When we update BirdNET or AVES models, how do we know accuracy hasn't regressed? Build a CI pipeline step that tests new models against a "Golden Dataset" — a curated set of audio recordings with known-correct species labels. If accuracy drops below a threshold, the pipeline blocks the merge.

No regressions in production. Ever.

Architecturally Significant Requirements (ASRs)

Interface (Contract):

  • CLI: orpheus-model-eval --model <path> --dataset <path> --threshold <float> --output <report_path>.
  • ModelEvaluator class with methods: evaluate(model_path: str, dataset_path: str) -> EvaluationReport.
  • EvaluationReport dataclass: {"overall_accuracy": float, "per_species": Dict[str, SpeciesMetrics], "passed": bool, "threshold": float}.
  • SpeciesMetrics dataclass: {"precision": float, "recall": float, "f1": float, "sample_count": int}.
  • CI output: Markdown report posted as PR comment.

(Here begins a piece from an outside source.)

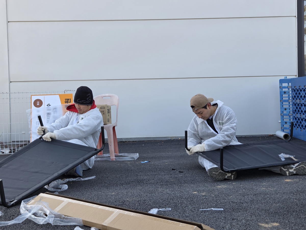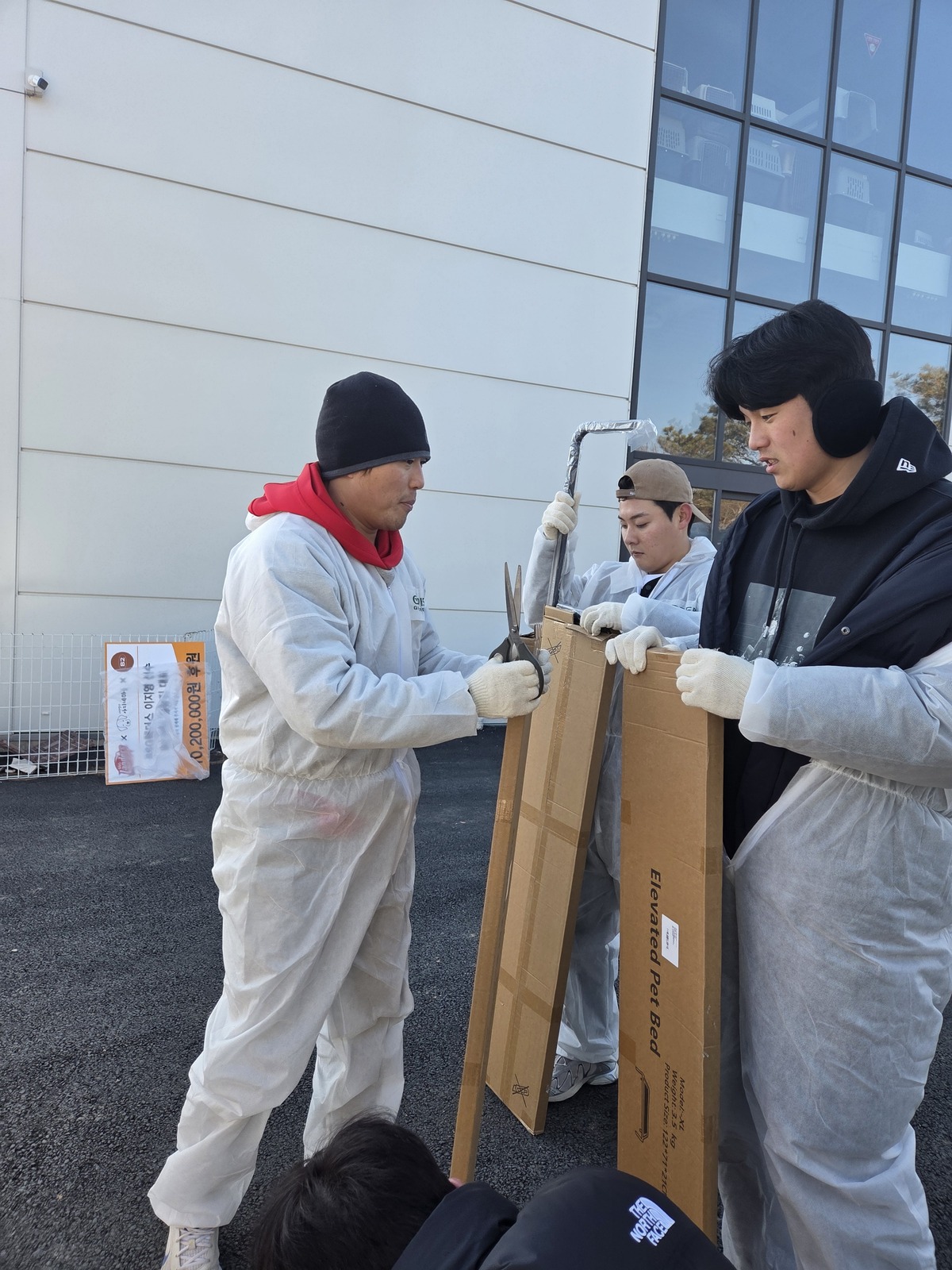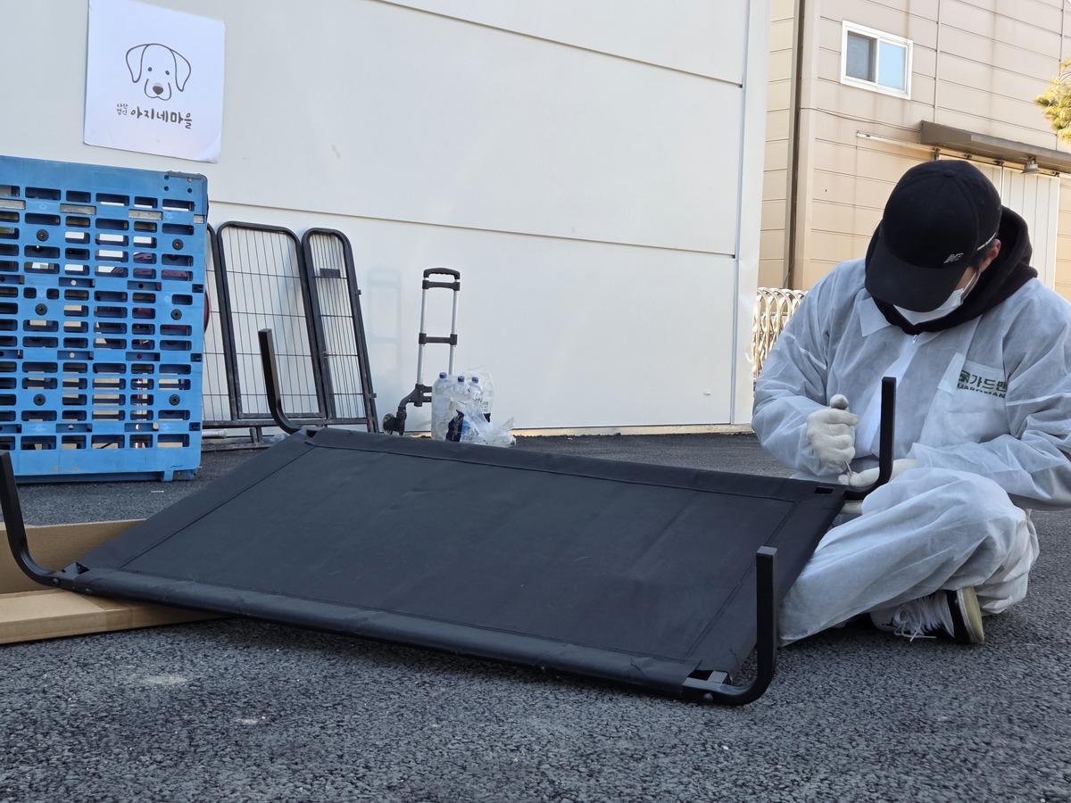 보호소의 추운 견사 바닥을 피하게 해줄 간이 침대 조립은 건장한 운동선수들도 낑낑댈 만큼 힘든 작업이었다. 그래도 다들 1인분 이상을 하면서 총 14개 침대가 완성돼 견사로 투입됐다.

Implementation (Internal Logic):

  • Golden Dataset stored in Git LFS or DVC with manifest file listing audio paths and ground-truth labels.
  • Inference runner: load model, process each audio file, collect predictions.
  • Metric calculator: per-species precision/recall/F1 plus overall accuracy.
  • Regression gate: fail if any species F1 drops more than threshold (default 5%) vs. baseline.

Architectural Constraints

  • Golden Dataset must be stored in a reproducible location (Git LFS, S3, or DVC — not checked into the repo directly).
  • Evaluation metrics: precision, recall, F1 per species, plus overall accuracy.
  • Threshold for blocking must be configurable (default: no species drops more than 5% F1).
  • Pipeline must produce a human-readable report (Markdown or HTML) attached to the PR.
  • Must be Python 3.9 compatible.

Acceptance Criteria

Feature: Automated Acoustic Regression Testing

  Scenario: Model passes regression check
    Given a Golden Dataset with 50 labeled recordings
    And the baseline model achieves 0.85 F1 for American Crow
    When the new model achieves 0.87 F1 for American Crow
    Then the regression check passes
    And the PR report shows improvement for American Crow

  Scenario: Model fails regression check
    Given a Golden Dataset with 50 labeled recordings
    And the baseline model achieves 0.85 F1 for American Crow
    When the new model achieves 0.78 F1 for American Crow (> 5% drop)
    Then the regression check fails
    And the CI pipeline blocks the merge
    And the PR report highlights the regression

  Scenario: Generate human-readable report
    Given a completed model evaluation
    When the report is generated
    Then it contains per-species precision, recall, and F1 scores
    And it clearly marks regressions vs. improvements

Definition of Done

  • Golden Dataset curated with at least 50 labeled recordings covering the top 10 detected species.
  • Evaluation script that runs inference and computes per-species metrics.
  • CI pipeline step that runs on model-update PRs and blocks on regression.
  • Report template showing before/after metrics in the PR comment.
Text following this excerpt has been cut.